### Dataset
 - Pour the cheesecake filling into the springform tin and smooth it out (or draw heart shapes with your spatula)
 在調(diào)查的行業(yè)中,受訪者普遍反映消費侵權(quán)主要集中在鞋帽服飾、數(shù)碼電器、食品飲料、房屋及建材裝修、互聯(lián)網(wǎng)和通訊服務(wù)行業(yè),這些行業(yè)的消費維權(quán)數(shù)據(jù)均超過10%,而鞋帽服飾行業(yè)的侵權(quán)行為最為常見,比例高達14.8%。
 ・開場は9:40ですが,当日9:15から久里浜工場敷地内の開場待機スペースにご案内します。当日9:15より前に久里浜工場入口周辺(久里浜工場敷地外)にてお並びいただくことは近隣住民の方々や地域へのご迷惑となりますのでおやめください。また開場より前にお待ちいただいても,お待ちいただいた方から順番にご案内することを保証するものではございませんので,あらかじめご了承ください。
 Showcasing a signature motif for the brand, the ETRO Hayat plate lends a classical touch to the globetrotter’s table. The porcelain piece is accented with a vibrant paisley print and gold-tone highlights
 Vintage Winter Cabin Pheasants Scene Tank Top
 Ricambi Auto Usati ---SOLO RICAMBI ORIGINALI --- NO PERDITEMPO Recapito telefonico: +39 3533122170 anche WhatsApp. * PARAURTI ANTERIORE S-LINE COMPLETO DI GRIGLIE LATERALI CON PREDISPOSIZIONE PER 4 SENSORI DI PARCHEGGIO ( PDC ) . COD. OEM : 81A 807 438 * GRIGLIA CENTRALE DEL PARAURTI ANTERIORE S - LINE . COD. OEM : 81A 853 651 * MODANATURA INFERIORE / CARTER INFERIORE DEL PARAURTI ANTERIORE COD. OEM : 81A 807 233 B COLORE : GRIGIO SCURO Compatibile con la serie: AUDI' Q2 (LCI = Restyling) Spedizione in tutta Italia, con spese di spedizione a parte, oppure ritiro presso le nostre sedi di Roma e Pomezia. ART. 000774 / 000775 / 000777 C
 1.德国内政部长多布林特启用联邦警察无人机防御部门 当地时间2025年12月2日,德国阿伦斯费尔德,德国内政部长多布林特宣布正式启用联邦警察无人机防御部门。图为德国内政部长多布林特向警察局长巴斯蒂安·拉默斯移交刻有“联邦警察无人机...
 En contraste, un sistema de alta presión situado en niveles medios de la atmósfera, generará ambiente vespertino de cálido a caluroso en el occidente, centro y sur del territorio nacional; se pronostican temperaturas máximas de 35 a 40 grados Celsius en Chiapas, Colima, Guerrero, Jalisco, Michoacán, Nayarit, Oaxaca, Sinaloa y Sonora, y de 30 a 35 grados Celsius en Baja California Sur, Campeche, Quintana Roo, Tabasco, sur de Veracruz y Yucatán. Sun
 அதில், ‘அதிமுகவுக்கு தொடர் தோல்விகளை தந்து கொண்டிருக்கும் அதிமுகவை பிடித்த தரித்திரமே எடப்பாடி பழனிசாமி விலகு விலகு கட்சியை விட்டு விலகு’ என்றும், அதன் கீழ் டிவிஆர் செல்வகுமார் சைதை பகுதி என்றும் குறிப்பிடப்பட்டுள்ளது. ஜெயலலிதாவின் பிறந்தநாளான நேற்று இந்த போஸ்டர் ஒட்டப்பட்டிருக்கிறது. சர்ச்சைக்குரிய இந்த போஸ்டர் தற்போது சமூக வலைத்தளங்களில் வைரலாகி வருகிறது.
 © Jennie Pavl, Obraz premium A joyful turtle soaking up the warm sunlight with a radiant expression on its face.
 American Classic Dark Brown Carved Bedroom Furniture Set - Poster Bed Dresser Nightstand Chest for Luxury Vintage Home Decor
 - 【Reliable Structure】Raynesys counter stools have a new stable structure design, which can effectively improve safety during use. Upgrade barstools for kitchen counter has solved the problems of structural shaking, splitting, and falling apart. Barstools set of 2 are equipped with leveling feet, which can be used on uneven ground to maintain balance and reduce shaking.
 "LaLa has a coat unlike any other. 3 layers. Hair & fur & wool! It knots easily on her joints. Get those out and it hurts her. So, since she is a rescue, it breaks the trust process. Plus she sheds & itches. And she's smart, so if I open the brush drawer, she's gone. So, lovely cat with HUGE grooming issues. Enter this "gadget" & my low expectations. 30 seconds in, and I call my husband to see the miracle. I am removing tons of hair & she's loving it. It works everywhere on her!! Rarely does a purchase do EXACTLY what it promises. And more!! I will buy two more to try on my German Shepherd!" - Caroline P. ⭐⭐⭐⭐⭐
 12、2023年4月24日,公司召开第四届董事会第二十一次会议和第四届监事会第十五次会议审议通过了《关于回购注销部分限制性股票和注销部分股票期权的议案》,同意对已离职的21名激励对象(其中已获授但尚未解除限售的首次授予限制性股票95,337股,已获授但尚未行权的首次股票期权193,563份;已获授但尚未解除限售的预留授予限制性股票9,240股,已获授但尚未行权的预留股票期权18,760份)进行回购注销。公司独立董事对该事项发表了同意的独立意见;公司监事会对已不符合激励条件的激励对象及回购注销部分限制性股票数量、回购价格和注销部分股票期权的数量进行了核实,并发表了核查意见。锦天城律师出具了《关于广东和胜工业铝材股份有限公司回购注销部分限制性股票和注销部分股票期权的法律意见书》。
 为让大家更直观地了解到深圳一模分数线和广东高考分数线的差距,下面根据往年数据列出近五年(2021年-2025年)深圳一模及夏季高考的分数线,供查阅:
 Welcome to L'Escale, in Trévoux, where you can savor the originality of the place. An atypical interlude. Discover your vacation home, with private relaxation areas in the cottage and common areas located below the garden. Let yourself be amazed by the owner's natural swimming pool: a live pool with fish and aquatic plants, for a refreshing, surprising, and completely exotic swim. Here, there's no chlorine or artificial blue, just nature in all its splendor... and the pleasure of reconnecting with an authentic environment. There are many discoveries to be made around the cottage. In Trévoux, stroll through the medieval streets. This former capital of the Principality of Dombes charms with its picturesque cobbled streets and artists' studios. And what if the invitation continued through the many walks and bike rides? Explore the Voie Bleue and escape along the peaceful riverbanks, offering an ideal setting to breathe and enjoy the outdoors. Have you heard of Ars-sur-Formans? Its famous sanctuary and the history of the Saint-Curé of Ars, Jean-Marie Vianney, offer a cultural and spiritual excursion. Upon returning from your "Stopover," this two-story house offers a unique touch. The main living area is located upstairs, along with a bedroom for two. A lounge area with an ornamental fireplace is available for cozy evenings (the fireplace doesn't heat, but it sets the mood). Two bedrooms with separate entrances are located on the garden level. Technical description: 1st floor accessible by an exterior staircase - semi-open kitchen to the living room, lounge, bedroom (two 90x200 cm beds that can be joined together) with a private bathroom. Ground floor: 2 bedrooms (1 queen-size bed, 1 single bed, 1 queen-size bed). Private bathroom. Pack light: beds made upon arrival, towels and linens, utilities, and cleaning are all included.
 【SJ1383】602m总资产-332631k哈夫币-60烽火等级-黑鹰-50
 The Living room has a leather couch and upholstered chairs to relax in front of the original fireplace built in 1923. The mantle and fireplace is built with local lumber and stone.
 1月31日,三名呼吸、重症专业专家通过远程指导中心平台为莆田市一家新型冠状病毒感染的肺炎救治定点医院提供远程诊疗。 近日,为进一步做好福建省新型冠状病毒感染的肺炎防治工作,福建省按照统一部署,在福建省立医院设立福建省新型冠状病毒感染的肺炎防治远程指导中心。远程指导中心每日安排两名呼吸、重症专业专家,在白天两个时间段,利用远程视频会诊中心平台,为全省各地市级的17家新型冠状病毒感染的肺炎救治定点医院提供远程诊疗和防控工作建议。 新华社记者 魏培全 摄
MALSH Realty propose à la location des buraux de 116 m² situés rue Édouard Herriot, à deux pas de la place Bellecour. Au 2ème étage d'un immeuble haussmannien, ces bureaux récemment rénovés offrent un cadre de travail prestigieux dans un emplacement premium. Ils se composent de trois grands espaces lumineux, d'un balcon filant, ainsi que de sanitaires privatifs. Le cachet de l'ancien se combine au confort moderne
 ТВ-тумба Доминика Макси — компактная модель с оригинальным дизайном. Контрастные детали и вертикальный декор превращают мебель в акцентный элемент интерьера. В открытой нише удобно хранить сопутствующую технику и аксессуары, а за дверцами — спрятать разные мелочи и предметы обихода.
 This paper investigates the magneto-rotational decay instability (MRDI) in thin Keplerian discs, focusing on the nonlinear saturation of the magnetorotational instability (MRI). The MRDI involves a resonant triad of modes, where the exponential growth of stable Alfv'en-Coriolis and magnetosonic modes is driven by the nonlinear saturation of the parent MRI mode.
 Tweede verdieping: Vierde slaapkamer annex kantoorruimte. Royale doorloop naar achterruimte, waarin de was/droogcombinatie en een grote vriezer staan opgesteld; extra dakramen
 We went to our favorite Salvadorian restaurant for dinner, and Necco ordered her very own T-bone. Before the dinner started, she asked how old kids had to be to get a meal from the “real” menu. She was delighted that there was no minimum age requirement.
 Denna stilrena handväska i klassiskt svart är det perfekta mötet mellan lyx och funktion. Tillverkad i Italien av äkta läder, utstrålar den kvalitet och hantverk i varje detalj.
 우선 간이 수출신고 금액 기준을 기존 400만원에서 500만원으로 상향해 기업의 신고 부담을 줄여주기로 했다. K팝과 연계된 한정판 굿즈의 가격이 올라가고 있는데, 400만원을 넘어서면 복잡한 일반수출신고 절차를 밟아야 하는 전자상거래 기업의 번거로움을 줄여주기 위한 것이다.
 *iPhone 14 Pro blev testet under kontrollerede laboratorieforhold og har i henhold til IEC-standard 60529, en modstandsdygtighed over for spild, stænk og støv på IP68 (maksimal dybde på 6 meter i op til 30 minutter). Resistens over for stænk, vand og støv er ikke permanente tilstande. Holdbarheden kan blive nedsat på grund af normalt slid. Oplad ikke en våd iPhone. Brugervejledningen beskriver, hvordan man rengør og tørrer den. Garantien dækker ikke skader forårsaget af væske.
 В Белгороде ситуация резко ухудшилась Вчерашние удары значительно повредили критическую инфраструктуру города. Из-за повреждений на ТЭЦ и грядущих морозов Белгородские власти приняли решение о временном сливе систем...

### Work request
Please print, exactly and with nothing else, the lines from the first line of the entries through the line containing "Vintage Winter Cabin".

### Answer box
 - Pour the cheesecake filling into the springform tin and smooth it out (or draw heart shapes with your spatula)
 在調(diào)查的行業(yè)中,受訪者普遍反映消費侵權(quán)主要集中在鞋帽服飾、數(shù)碼電器、食品飲料、房屋及建材裝修、互聯(lián)網(wǎng)和通訊服務(wù)行業(yè),這些行業(yè)的消費維權(quán)數(shù)據(jù)均超過10%,而鞋帽服飾行業(yè)的侵權(quán)行為最為常見,比例高達14.8%。
 ・開場は9:40ですが,当日9:15から久里浜工場敷地内の開場待機スペースにご案内します。当日9:15より前に久里浜工場入口周辺(久里浜工場敷地外)にてお並びいただくことは近隣住民の方々や地域へのご迷惑となりますのでおやめください。また開場より前にお待ちいただいても,お待ちいただいた方から順番にご案内することを保証するものではございませんので,あらかじめご了承ください。
 Showcasing a signature motif for the brand, the ETRO Hayat plate lends a classical touch to the globetrotter’s table. The porcelain piece is accented with a vibrant paisley print and gold-tone highlights
 Vintage Winter Cabin Pheasants Scene Tank Top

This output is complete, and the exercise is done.